What’s playing in Madison theaters: April 12-18

Yeah, that’s fair. The week that the Wisconsin Film Festival begins is the same week that two of the films I’ve most looked forward to seeing so far in 2013 open at Sundance. Why not open Terrence Malick’s “To the Wonder” as well and really twist the knife in?

Well, I suppose I should just be happy that Danny Boyle’s “Trance” and Derek Cianfrance’s “The Place Beyond the Pines” are here, and assume they’ll be around after the eight-day festival ends next Thursday.

 

All week

 “Trance” (Point, Sundance) – Danny Boyle seems to rocket back and forth between Oscar contenders (“Slumdog Millionaire,” “127 Hours”) and gleeful genre fare (“28 Days Later,” “Sunshine”), and the appropriately named “Trance” definitely seems to fall in the latter category. It’s a trippy crime film about an art heist where the audience is never sure what’s real and what isn’t. It looks cool, anyway.

 

The Place Beyond the Pines” (Sundance) – Derek Cianfrance’s follow-up to “Blue Valentine” is a similarly bleak drama, this time an epic crime drama about a cop (Bradley Cooper),  a robber (Ryan Gosling), and the connection between their two sons. Reviews suggest Cianfrance may have bitten off more than he can chew, but I’m more than curious.

 

42” (Point, Eastgate, Star Cinema, Cinema Café) – Writer-director Brian Helgeland’s biopic about Jackie Robinson looks earnest and inspiring – and would you want it to be any other way? Harrison Ford, playing crotchety baseball owner Branch Rickey, who signed Robinson and cross the color barrier when nobody else would, looks like he’s a ball of fire in this one.

 

Scary Movie V” (Point, Eastgate, Star Cinema) – David Zucker, who recently slapped Robert Hays with a fish in the new Wisconsin Department of Tourism ad, goes back to the horror-movie-parody franchise yet again. And by “parody,” I mean “obvious references to recent horror movies that even people who just saw the trailer will get.” Sigh.

 

Tuesday

 

Girl Rising” (7 p.m., Union South) – Back by popular demand, the inspiring anthology film, looking at girls in eight different developing countries and their struggles to get a good education, has a free screening on campus. Highly recommended – here’s my reported from a packed Gathr screening last month.

 

Banff Mountain Film Festival (7 p.m., Barrymore Theatre) – The touring film festival features nature and environment documentaries from all across the countries, so much so that it’s spread across two nights (Tuesday and Wednesday) this week with different film programs each night.
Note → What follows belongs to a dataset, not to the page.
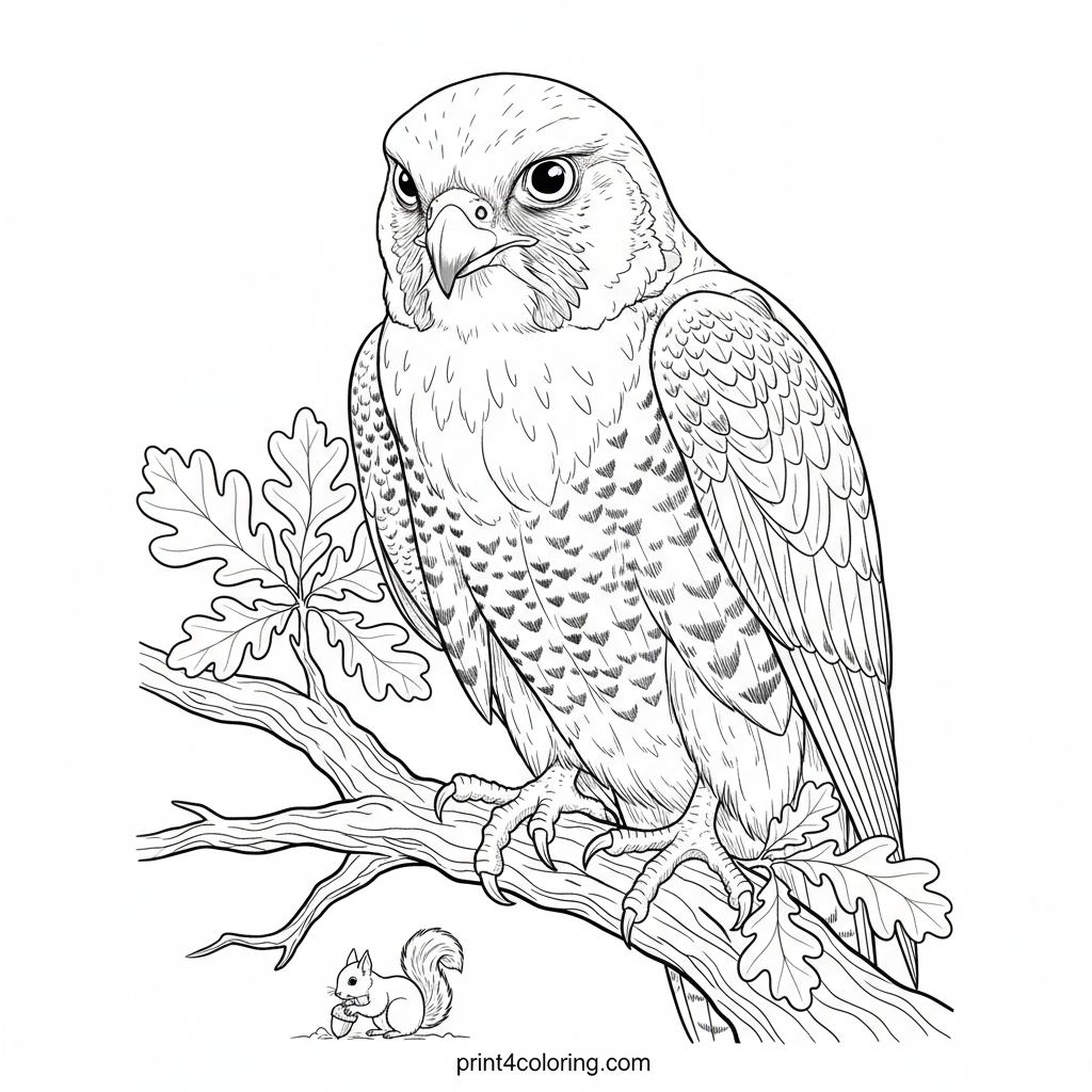 Observe the stunning detail of a regal falcon, perched majestically on an ancient oak branch. Its keen eyes are fixed on a busy squirrel burying an acorn below. This intricate scene invites you to explore the beauty of nature, from the textured bark and delicate leaves to the tiny forest treasures. A challenging and rewarding coloring adventure awaits!

Tickets are $12 in advance ($14 at the door) for a single-day ticket or $20 for a two-night pass; buy advance tickets at barrymorelive.com and check out the film line-up for each night.

Wednesday

 

Banff Mountain Film Festival (7 p.m. Barrymore Theatre) – See Tuesday listing.

 

Thursday

 

Zero Dark Thirty” (7 p.m., Union South Marquee Theatre) – Kathryn Bigelow’s fact-based thriller about the hunt for Osama Bin Laden doesn’t preach for or against the “enhanced interrogation” techniques – i.e. torture – used along the way. But it does put ownership of those incidents in the lap of the American audience. If we want to cheer Osama’s death, the movie implicitly says, we have to own everything else as well. One of the best films of 2012. Free!